New classroom building proposed at Blanden

Project estimated to cost $1.6 million

The days of heading to the basement of the Blanden Memorial Art Museum for hands-on lessons in painting and other art forms may be numbered.

That’s because a new building right next to the museum that would house more classroom space is being planned.

The project has an estimated cost of $1.6 million, but Fort Dodge taxpayers won’t be asked to foot the full bill. The Blanden Charitable Foundation is planning a fundraising effort and is applying for a grant from the National Endowment for the Humanities to help pay for it.

“We’re excited about it,” Eric Anderson, the museum’s director, told the City Council Monday. “It will be great to have a space where we can serve the community better.”

The project was introduced to the council Monday. The council is expected to act on a resolution declaring its support for the project during an upcoming meeting, but some council members voiced their support Monday.

“I think we’ve got a jewel in the Blanden,” said Councilman Dave Flattery. “I fully endorse this project.”

The classroom is in the basement of the museum at 920 Third Ave. S. It’s not an ideal location, according to Anderson. For example, he said its emergency exit is a steep staircase leading to a window.

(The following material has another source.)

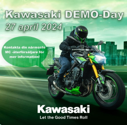 Den 27 april 2024 har alla Kawasaki landsvägsåterförsäljare en gemensam provkörningsdag! Kontakta din närmaste återförsäljare för att se vilka modeller som kommer finnas! Du hittar våra återförsäljare på www.kawasaki.se

But Anderson said the need to upgrade the heating, ventilation and air conditioning system for the whole museum is the catalyst for the proposal.

To make the upgrade, a device about the size of a bus has to be obtained, he said.

Instead of having that big machine sitting on the ground, Anderson has proposed building a new structure on the west side of the museum. He said the HVAC machine would be on the roof of the building, hidden behind a short wall.

Inside the building would be a large main classroom, a smaller classroom, an office for the museum’s art educator and restrooms.

City Manager David Fierke said money from a planned 2021 bond issue would pay for the HVAC upgrade. Grants and donations would pay for the new building.

”The taxpayers aren’t being asked to build an addition,” Mayor Matt Bemrich said. ”We as taxpayers are being asked to replace a system that has run its useful life.”